Thank you for looking at it. I tried to add more comments to
the multiplications. New version attached. It also fixes a bug
caused by wrong operator order used on histogram to histogram
selectivity estimation for inner join.
> I've gotten to the inet_semi_join_selec function:
>
> > [function]
>
> This desperately needs comment at the top of the function explaining
> what it does. Let me try to explain what I think it does:
>
> [explanation]
I used your explanation on the new version.
> Now, I think that last step is wrong. Firstly, the "Do not bother if
> histogram weight is smaller than 0.1" rule seems bogus. The
> his2_weight is the total number of rows represented by the
> histogram, so surely it can't be less than 1. It can't really be
> less than the statistics target. Unless maybe if the histogram was
> collected when the table was large, but it has since shrunk to
> contain only a few rows, but that seems like a very bizarre corner
> case. At least it needs more comments explaining what the test is
> all about, but I think we should just always use the histogram (if
> it's available).
It was an unnecessary check. I put an assert instead of it.

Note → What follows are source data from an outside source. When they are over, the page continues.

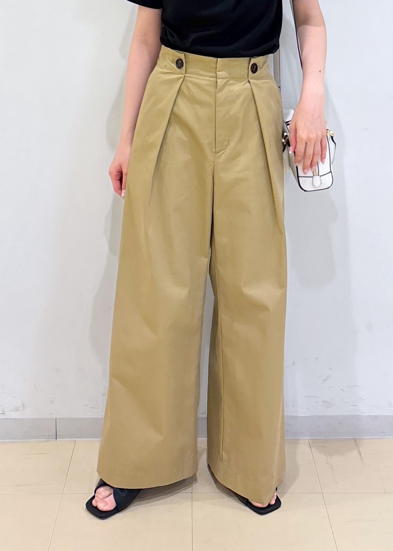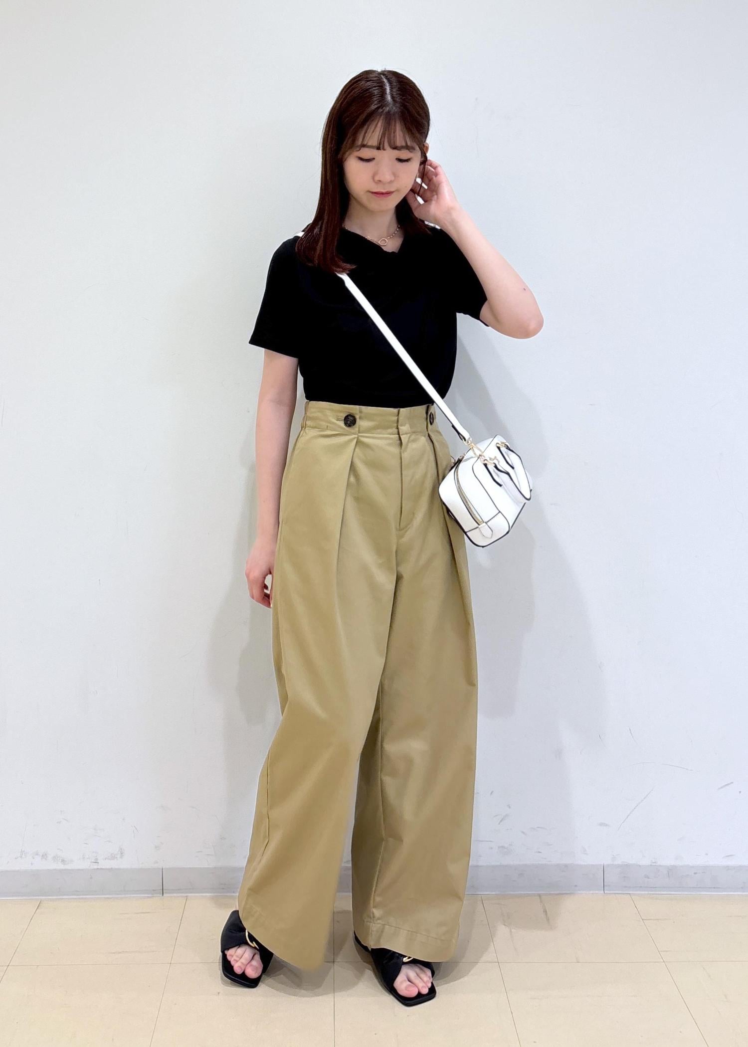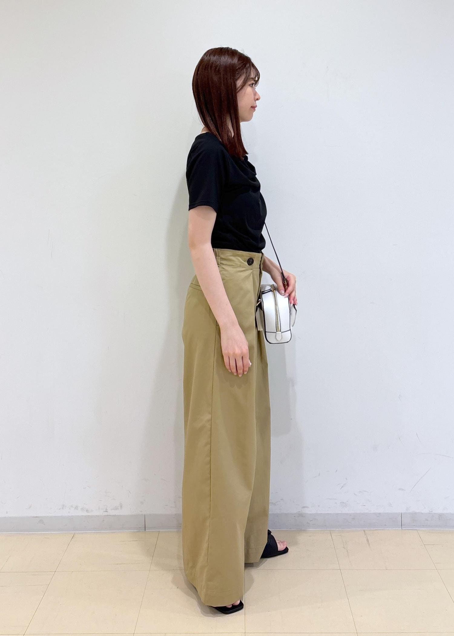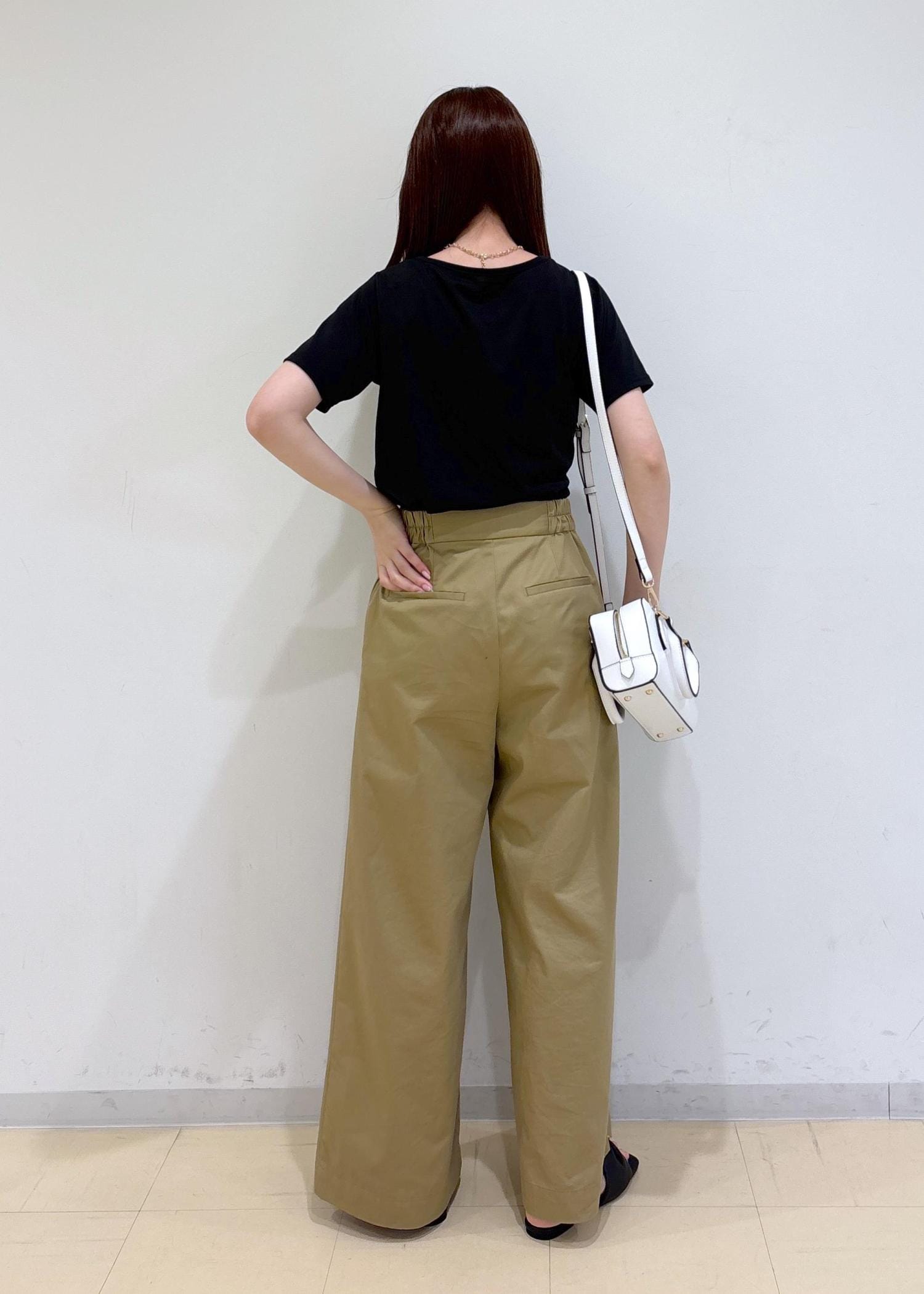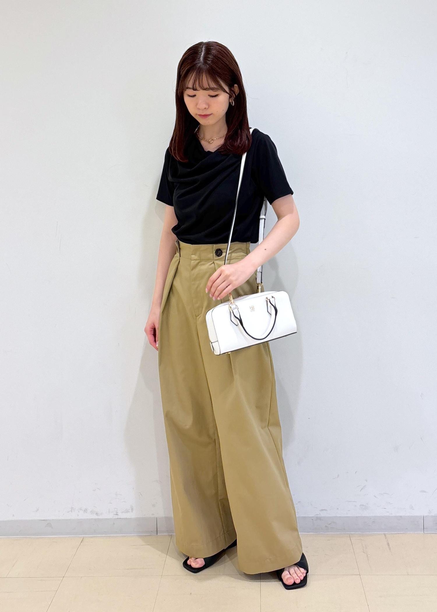 トップスはクシュっとしたドレープデザインが映える1枚です。バギーパンツのシルエットが綺麗で体型カバーが叶います!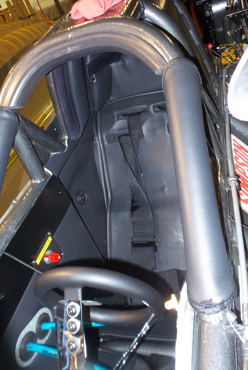 The driver’s compartment is a tight fit! Mike has modified it twice since the first configuration. He must be able to get himself out of the car by himself and within a few seconds in case of an emergency.
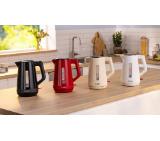 | Кана с индикатор за чаши. Вълнуващият дизайн на повърхността с матово-гланцови акценти вдъхва живот на кухнята. Ергономична работа: лесно отваряне на капака с едно докосване на бутон. Индикатор за чаша: помага да спестите енергия и време, като кипнете само необходимото количество. Филтър за варовик: лесен за почистване филтър, който предпазва напитката ви от варовик. Лесна за четене водна скала от двете страни: видимост на количеството вода от двете страни на каната – удобно за потребители с лява и дясна ръка. Тройна функция за безопасност: Автоматично изключване, защита от прегряване, защита срещу кипене и изключване при повдигане. |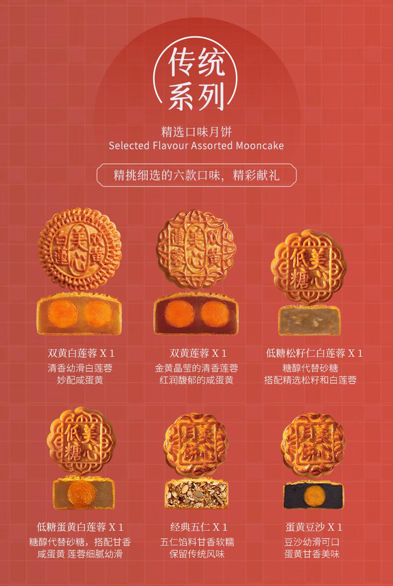 双黄白莲蓉*1 低糖松籽仁白莲蓉*1 双黄莲蓉*1 低糖蛋黄白莲蓉*1 经典五仁*1 蛋黄豆沙*1

> Secondly, if we estimate that there is on average 1.0 matching row
> in the table, it does not follow that the probability that at least
> one row matches is 1.0. Assuming a gaussian distribution with mean
> 1.0, the probability that at least one row matches is 0.5. Assuming
> a gaussian distribution here isn't quite right - I guess a Poisson
> distribution would be more accurate - but it sure doesn't seem right
> as it is.
>
> The error isn't very big, and perhaps you don't run into that very
> often, so I'm not sure what the best way to fix that would be. My
> statistics skills are a bit rusty, but I think the appropriate way
> would be to apply the Poisson distribution, with the estimated
> number of matched rows as the mean. The probability of at least one
> match would be the cumulative distribution function at k=1. It
> sounds like overkill, if this is case occurs only rarely. But then
> again, perhaps it's not all that rare.
A function of his_weight and his_selec could be a better option
than just multiplying them. I am not sure about the function or
it worths the trouble. Join selectivity estimation function for
equality doesn't even bother to look at the histograms. Others
only return constant values.
> That said, I can't immediately find a test case where that error
> would matter. I tried this:
>
> create table inettbl1 (a inet);
> insert into inettbl1 select '10.0.0.' || (g % 255) from
> generate_series(1, 10) g;
> analyze inettbl1;
> explain analyze select count(*) from inettbl1 where a >>= ANY
> (SELECT a from inettbl1);
>
> The estimate for that is pretty accurate, 833 rows estimated vs 1000
> actual, with the current patch. I'm afraid if we fixed
> inet_semi_join_selec the way I suggest, the estimate would be
> smaller, i.e. more wrong. Is there something else in the estimates
> that accidentally compensates for this currently?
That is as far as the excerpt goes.